It is important to note that, with a few exceptions defined within the Open Packaging Conventions, the actual file directory structure is arbitrary. The relationships of the files within the package, not the file structure, are what determine file validity. You can rearrange and rename the parts of an Office (2007) XML Formats file inside its ZIP container, provided that you update the relationships properly so that the document parts continue to relate to one another as designed. If the relationships are accurate, the file opens without error. The initial file structure in an Office XML Formats file is the default structure that is created. This default structure enables you to determine the composition of Office XML Formats files easily. Provided that you keep the relationships current, you can change this default file structure. For more information about this, see Walkthrough: Word 2007 Open XML File Format.
Parts can be of different content types. Parts used to describe Microsoft Office applications data are stored as XML. These parts conform to the XML reference schema that defines the associated Office feature or object. For example, in an Excel 2007 file, the data that represents a worksheet is found in an XML part that adheres to the Office schema for an Excel worksheet. Additionally, if there were multiple worksheets in the workbook, there is a corresponding XML part stored in the package file for each worksheet. All of the schemas that represent default Office document parts will be fully documented and made available from Microsoft with a royalty-free usage license. Then, by using any standard XML-based technologies, you can apply your knowledge of the Office schemas to parse and create 2007 Microsoft Office system documents easily.

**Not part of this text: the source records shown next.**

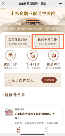 扫描二维码进入“山东扁鹊互联网中医院”公众号
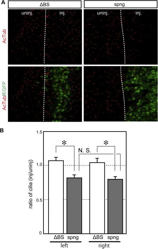 Abundance of GRP cilia is reduced by IP3 sponge RNA. (A) Representative images of gastrocoel roof plate (GRP) cilia in δBS or IP3 sponge (spng) RNA-injected Xenopus embryos. Injection side was determined by fluorescence from co-expressed enhanced green fluorescent protein (EGFP). Cilia in the GRP adjacent to the blastopore were counted. Green, EGFP; red, acetylated tubulin (AcTub); dotted line, midline; top, anterior: left side of image is left side of embryo. (B) Quantification of GRP cilia. The number of cilia on the injected side was expressed as a ratio of the number on the uninjected (opposite) side (i.e., number of red signals in inj./that in uninj. in A). Normal embryos showed symmetric distribution of GRP cilia [18], and δBS RNA-injected embryos showed nearly symmetrical distribution. IP3 sponge RNA-injected embryos had fewer cilia on the injected side. n = 18â25 for each group. âP < 0.0001 by MannâWhitney U-test.
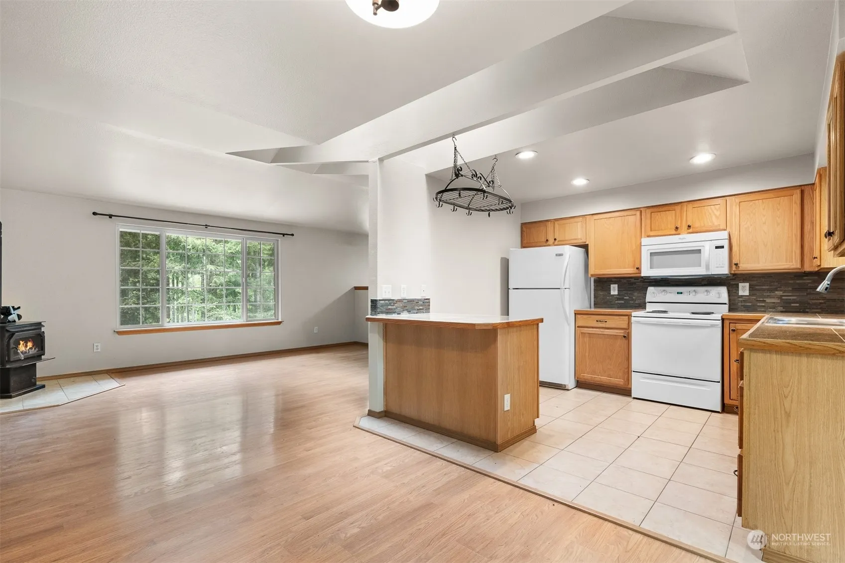 Make yourself at home within the secure, gated community of Clearwood. A favorite split-entry floor plan. Soaring vaulted ceilings w/skylights grace the freshly painted open concept living space w/free-standing wood stove providing radiant head. Granite tile counters in Kitchen w/peninsular eating bar (all appliances stay!). Primary Suite boasts walk-in closet & Jack’n’Jill bthrm. No carpet thru-out! Fisher-people rejoice: minutes frm Sunset Beach w/boat ramp access to stocked Clear Lake. Oh, & of course covered picnic areas w/BBQs, designated swimming spots, & hiking trail leading around the lake. With two gated entrances & no manufactured homes, this community is a step-above. Close to Lackamas Elementary School & an easy commute to JBLM.
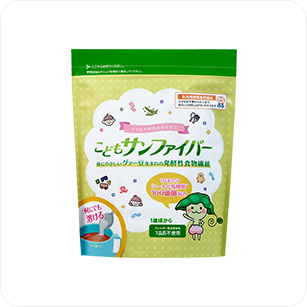 こどもサンファイバーは、水溶性食物繊維「グアーガム分解物」(植物由来成分)のパワーにより、お子さまの自然なスッキリをサポートする商品です。
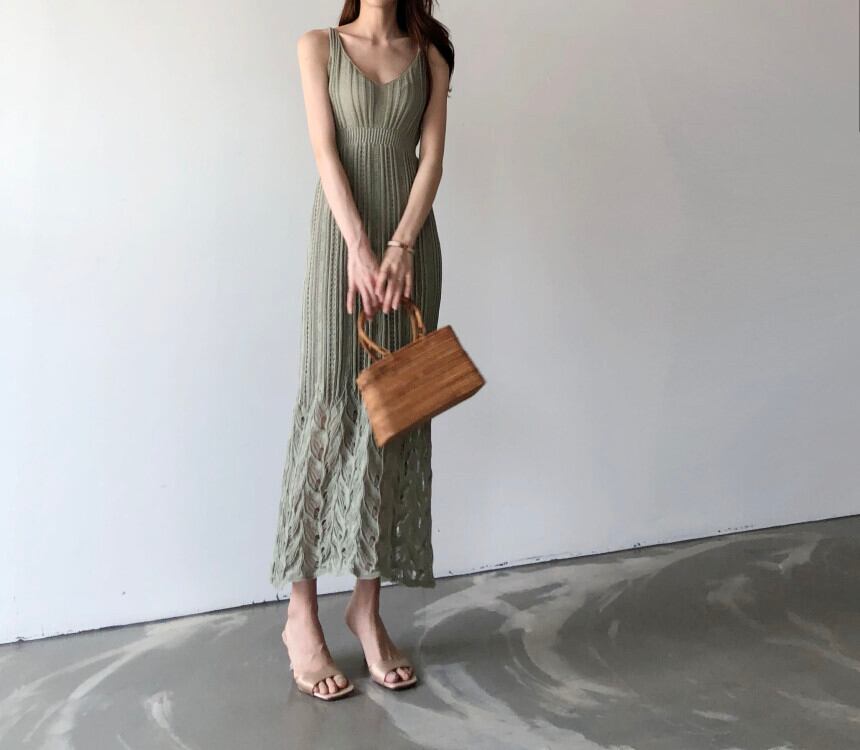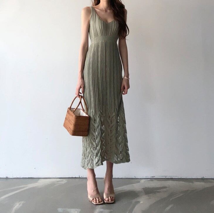 ワンピース ロングスカート 膝下 ミモレ 7分丈 ノースリーブ Vネック スリム タイト 細身 かわいい 大人可愛い きれいめ シンプル カジュアル 大人 上品 おしゃれ お洒落 大人可愛い 大人女子 こなれ感 無地 夏 20代 30代 レディース 女性用 デート お出かけ 女子会 お泊まり 休日 リゾート 旅行 海 プール ガーデン デート 普段使い 韓国 韓国系 オルチャン ファッション コーデ スタイル 楽ちん 体系カバー サイズ ワンサイズ フリーサイズ 色展開 白 ホワイト 緑 グリーン | Bonny Me
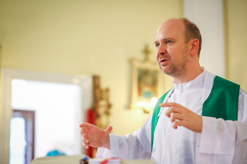 A helyszínül szolgáló homokhátsági Domaszék egykori központja a kis templommal, egy hajdani iskolaépülettel kiegészülve ma az egyházmegye Zöldfás Lelkigyakorlatos Házaként működik. Serfőző Levente, az egyházmegye ifjúságpasztorációs felelőse mutatja be a szentmisét, a most májusban szentelt két diakónus, Aleksza János és Tapodi Krisztián segédletével.
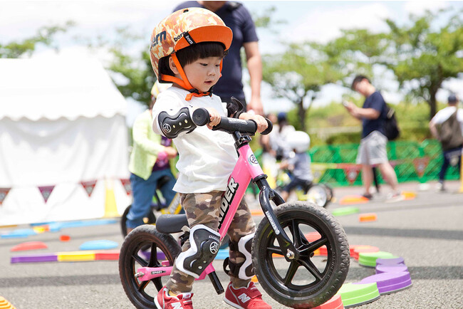 アドベンチャーゾーン(ストライダー試乗体験)は、主に未経験者(1歳半~5歳くらい)を対象とした試乗体験イベント! コース内にはカラフルなトンネルやストーンなど子どもの好奇心をくすぐる障害物を設置。

In many scenarios, it is advantageous to store parts in their native content type. These parts are not stored as XML. Images in an Office document in the 2007 release, for example, are stored as binary files (.png, .jpg, and other file types) within the document package. Therefore, you can open the package container by using a ZIP application and immediately view, edit, or replace the image in its native format. Not only is this storage approach more accessible, it also requires less internal processing and disk space than storing an image as encoded XML. Other notable parts stored as binary parts are VBA projects and embedded OLE objects. (Embedded OLE objects are binary only if the associated OLE server provides only a binary representation. 2007 Microsoft Office system–embedded documents, for example, embed their contents as another package.) For developers, accessibility makes many scenarios more attractive. For example, you can build a solution that iterates a collection of 2007 Microsoft Office system documents to update an existing OLE object with a newer version. You can accomplish this and any number of other scenarios without having to use the Office applications or alter the document-specific XML. The next sections briefly describe some of the parts that are common to all of the Office products that support the Office XML Formats. The types and numbers of parts depend on the application that creates the ZIP container file. For example, Word 2007 creates document-related parts, but PowerPoint 2007 creates parts related to slide presentations.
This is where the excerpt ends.